How Much Faster Is My Computer Than An Apple ][

In 1981 (I think) my father bought an Apple ][, and like everyone else at the time, I learned a little Basic. One of the little programs I wrote was to find all the prime numbers between 1 and 1,000,000. It ran for a few hours without having found one prime number—it was counting down—until someone had to use the computer for something more productive. Anyway, I don’t remember how to write in Basic or have a programing environment, but I was wondering how long the same task would take on today’s computers? Here’s a Basic-ish version of what I remember programing:

10 X=1000000
20 Y=2
30 Z=X/Y
40 If Z is a whole number then goto 90
50 Y=Y+1
60 If Y>X/2 then goto 80
70 Goto 30
80 Print X
90 X=X-1
100 Goto 20

How long would it take to run this on today’s computers?*
*I realize that the performance of “today’s computers” varies greatly, but I don’t want to limit the responses to just owners of 867 MHz PowerBook G4s.

867MHz is about the rate that
Edsger Dijkstra is spinning in his grave right about now…

References I can find rate the 1981-era Apple computers as running at about 2MHz. The Intel Itanium processor runs at about 1 GHz.

There are far too many variables to say for sure how long your algorithm would take to run now, but I’d say about 500,000 times faster, give or take a zero or two.

Er, 1 GHz / 2 MHz = 500, no?

Hey, it’s morning here on a weekend. At least I included a fudge factor. :smiley:

Of course, speaking as someone with a computer science degree, I suppose I’m supposed to throw in some hand-waving hemming and hawing about the common use of dual processors and the fact that newer processors are 64-bit whereas the Apple ][, while not a two-bit computer at the time, was not a significant multiple of that number.

And of course, remember that even processor that are the same clockspeed/bitness can have widely varying performance. For an example, a Sempron 3100+ running at 1.8ghz will easily beat a 1.8ghz Pentium 4 in any application that I know of. Both are 32bit processors.
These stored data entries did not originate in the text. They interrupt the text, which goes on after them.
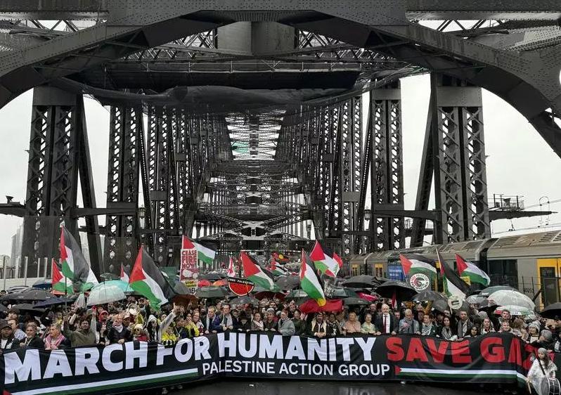 Per cinque ore, oltre 40.000 manifestanti hanno attraversato nel weekend il Sydney Harbour Bridge in una marcia pro-Palestina senza precedenti.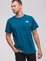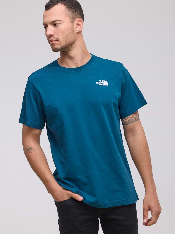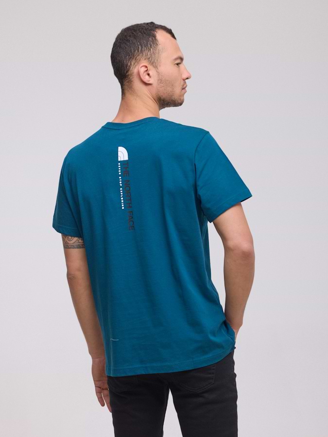 THE NORTH FACE logo t shirt חולצה בצבע כחול פטרול עם לוגו קטן צידי והדפס אורכי צר בגב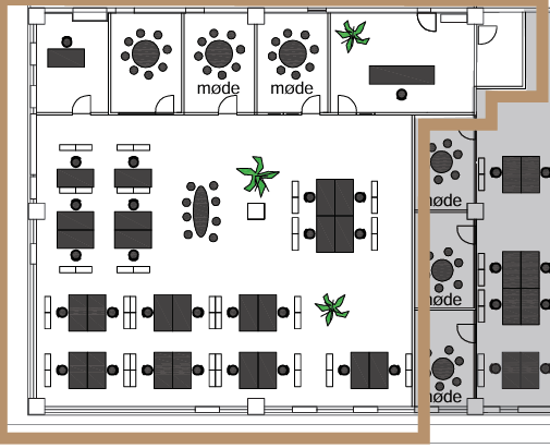 The premises comprise one large open-plan room as well as 6 smaller meeting rooms/quiet rooms/offices/printer room. The premises offer many possibilities for an exciting interior design.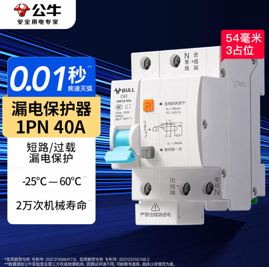 森淼办公 公牛(BULL)佳和LBE12-63a漏电保护器 1P+N漏保断路器 家用空气开关 1PN40A C40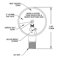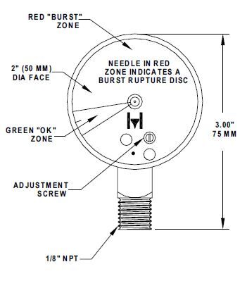The 2˝ (50 mm) diameter face has an easy-to-read “OK/burst” display. The green “OK” range is from 0 to 15 psig (0 to 1 bar). When normal pressure is less than 15 psig, the “Tell Tale” indicates the occurrence of pressure, especially useful on vacuum side of refrigeration systems. The ambient temperature range for these gauges is +32°F to +125°F (0°C to +52°C) and they have a safe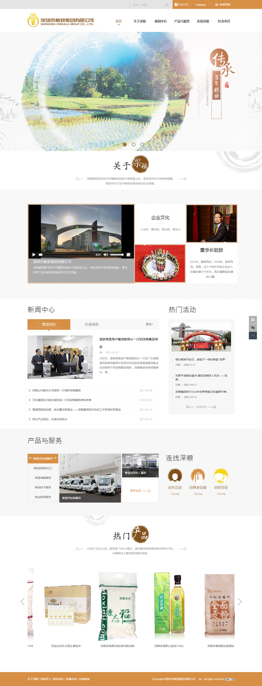 深糧集團是深圳市市屬國有獨資大型糧食企業(yè),是深圳市的“米袋子”,受政府委托,承擔我市市級地方糧食儲備,同時負責駐港、駐深部隊的軍糧供應任務。深糧集團前身是寶安縣糧食局,深圳特區(qū)成立后沿革為深圳市糧食局。1982年實行政企分開,改為企業(yè)建制。1984年率先在全國進行糧食流通體制改革。1998年經(jīng)公司制改造,更名為深圳市糧食集團有限公司。集團成功創(chuàng)立了“深糧多喜”、“多喜米”、“谷之香”、“君子蘭”、“紅荔”等品牌,被深圳市政府授予“放心糧油”稱號,年糧食購銷量130萬噸,約占深圳口糧市場份額的33%。

Perfomance equals clockspeed x average IPC (Instructions Per Clockcycle, which varys depending on the application & proccesor design.) IRRC, it wasn’t until Pentium I era that consumer processors could average more than one IPC.

I actually paid my subscription just to answer this :stuck_out_tongue:

Anyway, I rewrote your algorithm to VisualBasic.NET. I’m not sure how compatible our algorithsm are, but both are “interpreted” (In a manner of speaking, I mean, .NET’s CLR environment is interpreted in a sense) so I think there’s a good correlation between the two.

I imagine if I rewrote it in a true C++ console application, that the speed would be much greater.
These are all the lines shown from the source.